ANNEXA-4 confirms andexanet efficacy, safety for antithrombotic-related acute bleeding
Andexanet alfa effectively reduced anti-factor Xa activity in patients who experienced acute bleeding while on a factor Xa inhibitor*, results from the ANNEXA-4** study showed.
Participants in this multinational, open-label trial were 352 adults (mean age 77 years, 53 percent male) who were experiencing acute major bleeding within 18 hours of their last dose of factor Xa inhibitor (mean time between last factor Xa inhibitor dose and andexanet alfa administration, 12 hours). They were administered andexanet alfa at either low-dose (400 mg bolus plus 4 mg/min infusion for 2 hours) or high-dose (800 mg bolus plus 8 mg/min infusion for 2 hours). All patients who received andexanet alfa were included in the safety population, while the efficacy population comprised patients with baseline anti-factor Xa activity of ≥75 ng/mL (or ≥0.25 IU/mL for patients on enoxaparin) and confirmed major bleeding (n=254).
At baseline, 14 percent of patients had a history of myocardial infarction (MI), 20 percent had stroke, and 19 percent had deep vein thrombosis (DVT). Eighty percent of patients were receiving anticoagulants due to atrial fibrillation, with apixaban (55 percent, median daily dose 10 mg) and rivaroxaban (36 percent, median daily dose 20 mg) the main anticoagulants prescribed.
The main site of bleeding was intracranial (64 percent), primarily intraparenchymal (46 percent), subdural (28 percent), and subarachnoid (15 percent), followed by the gastrointestinal tract (26 percent).
Between baseline and the end of bolus administration, median anti-factor Xa activity decreased by 92 percent among patients on apixaban (from 149.7 to 11.1 ng/mL) and rivaroxaban (from 211.8 to 14.2 ng/mL), and by 75 percent among patients on enoxaparin (from 0.48 to 0.15 IU/mL). [ISC 2019, abstract LB7, N Engl J Med 2019;doi:10.1056/NEJMoa1814051]
Twelve hours after infusion of andexanet alfa, median anti-factor Xa activity had decreased by 38 and 62 percent from baseline, respectively, among patients on apixaban and rivaroxaban.
Eighty-two percent (n=204) of evaluable patients achieved excellent (n=171) or good (n=33) haemostatic efficacy 12 hours after end of infusion, 80, 83, and 87 percent of patients on rivaroxaban, apixaban, and enoxaparin, respectively, with haemostatic efficacy achieved by 80 and 85 percent of patients with intracranial and gastrointestinal bleeding, respectively.
“Rapid specific reversal of factor Xa inhibition to hasten haemostatic control should improve clinical outcomes,” said the researchers.
Discontinuation of anticoagulant therapy during episodes of acute bleeding can increase the risk of thrombotic events for which the anticoagulants are prescribed, they added.
Over the 30-day post-enrolment follow up, there were 49 deaths (14 percent; 35 due to cardiovascular causes), while 10 percent (n=34) experienced a thrombotic event (ie, MI [n=7], ischaemic stroke [n=14], DVT [n=13], and pulmonary embolus [n=5]).

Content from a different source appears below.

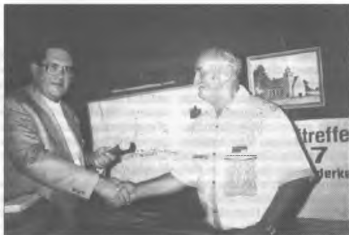
Farar Wust přepoda foto Janej šilakej.
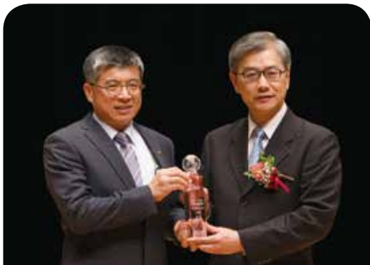
新光人壽保險公司

新光人壽已獲頒第18座「最佳社會責任獎」，深耕台灣50餘年，公益關懷面向既深且廣；因應高齡社會發展創意老化專案、響應生態環保、關注社會安全、青年學子、全民健康及弱勢等。未來新光人壽將繼續堅持並具體實踐企業社會責任，發揮「光無所不在，心与你同在」的品牌精神，努力照亮社會每個角落，成為社會安定的力量。

Following cessation of factor Xa inhibitor therapy at enrolment, 220 patients received ≥1 dose of anticoagulant within 30 days of andexanet alfa treatment, of whom 28 percent restarted oral anticoagulation during follow up with no incidence of thrombotic events.
“Acute major bleeding that is associated with the use of factor Xa inhibitors can be a medical emergency with a poor prognosis [for which there are] limited treatment options,” said the researchers.
“The study supported the May 2018 FDA*** approval of andexanet alfa, now the only approved agent for patients taking rivaroxaban and apixaban when urgent reversal is needed for life-threatening or uncontrolled bleeding,” said senior author Associate Professor Truman J. Milling Jr. from the Seton Dell Medical School Stroke Institute in Austin, Texas, US, who presented the findings at ISC 2019.